Video: U.S. government heads towards shutdown that could affect economic recovery. Eric Sorensend & Mike Drolet report.
Canada’s chief central banker may be right about the economy arriving at a “tipping point,” but if a shutdown in Washington takes effect – and there’s little to suggest it won’t at this point – the direction it takes won’t be the one he was talking about.
The tipping point Stephen Poloz is hoping the country has arrived at is a shift within the economy from household consumption to exports, driven by demand from an awakening U.S. market place.
The shift risks being reversed, however, by the so-called partial shutdown of the U.S. federal government at 12:01 a.m. Tuesday, experts say.
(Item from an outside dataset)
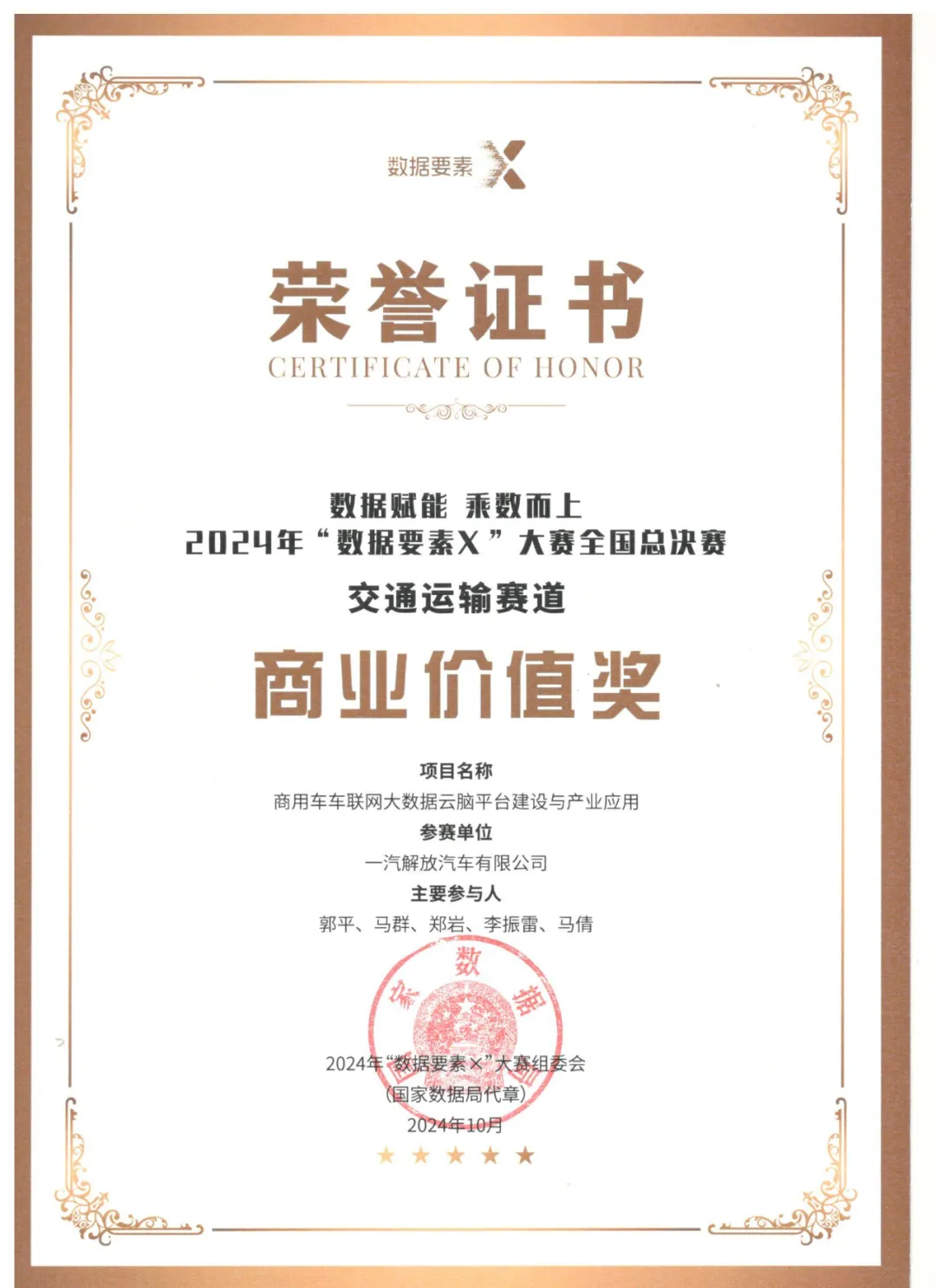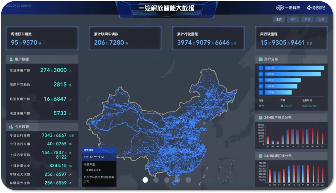 其次在网联数据领域,解放车联网平台已经连接车辆超过210万辆,车辆累计行驶里程3974亿公里,数据量超过6.15PB。基于海量真实运行数据,一汽解放进一步推出了解放行APP、车队管理、安全管家、智能诊修、销贷锁车、ETC和加油等产品与服务,得到了广大用户的高度认可。2024年,一汽解放车联网云脑大数据平台荣获“数据要素X”全国总决赛“商业价值奖”,也是全国唯一入围并获奖的整车厂。
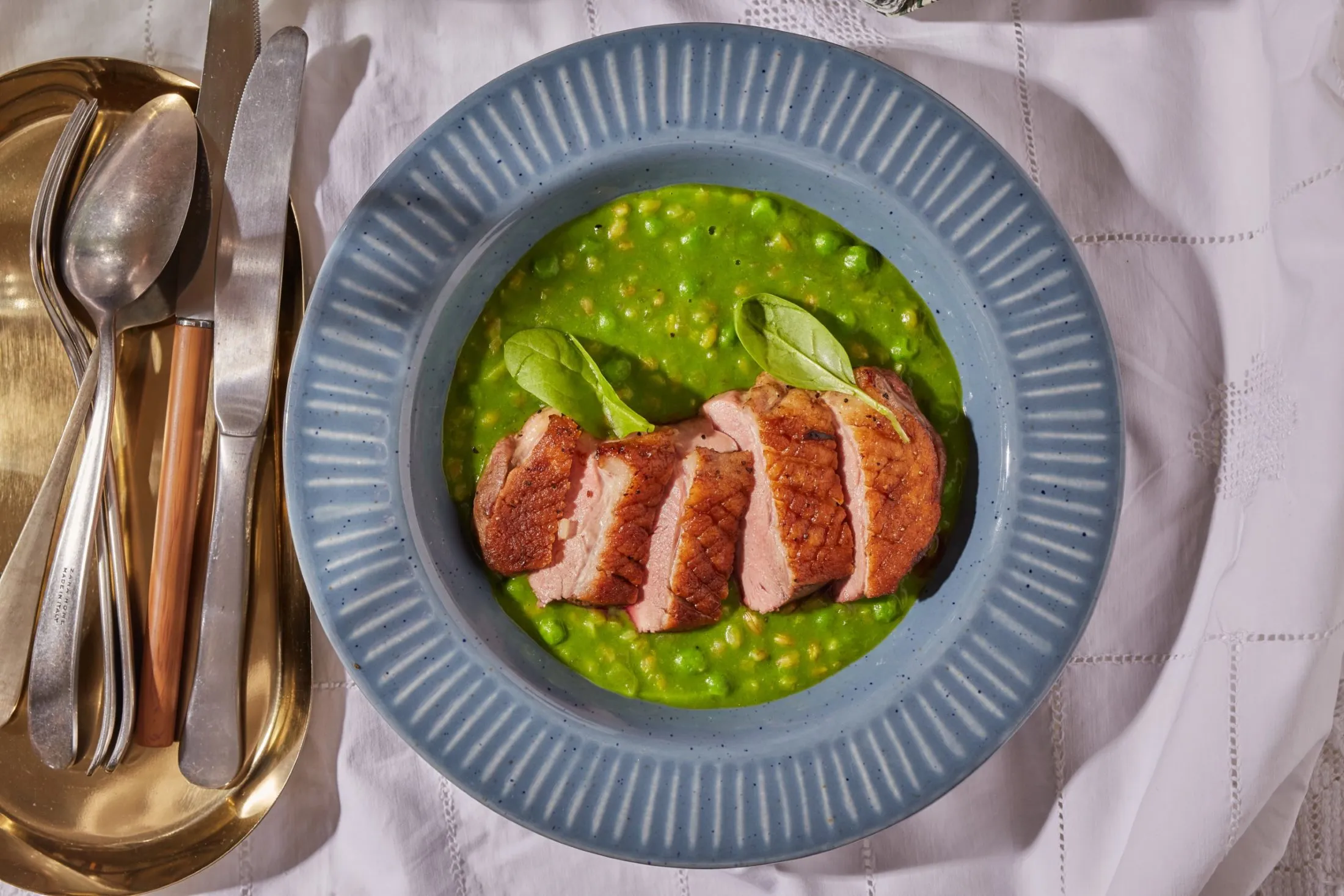 A borsóból 150 grammot 3-4 percig forralunk annyi alaplében, ami ellepi, majd egy aprítógépben, turmixgépben vagy botmixerrel krémesre zúzzuk a spenóttal együtt. A rizottót az 5-10 percig pihentetett kacsamellel fogyasztjuk.

Read more: As US recovery blossoms, Canada’s economic hopes pinned to exports
If an impasse between U.S. Republicans and Democrats persists through that deadline, roughly one million “non-essential” U.S. federal employees will be sent home (it’s unclear whether they’ll continue to be paid), while hundreds of millions of dollars will be pulled immediately from the economy as Washington puts dozens of services and program on hiatus.
Experts suggest the U.S. economy will start slowing soon after the shutdown. If days stretch into weeks and weeks into months, what has been the strongest period of economic growth within the world’s biggest economy since the Great Recession ended risks reverting into another downturn, experts are warning.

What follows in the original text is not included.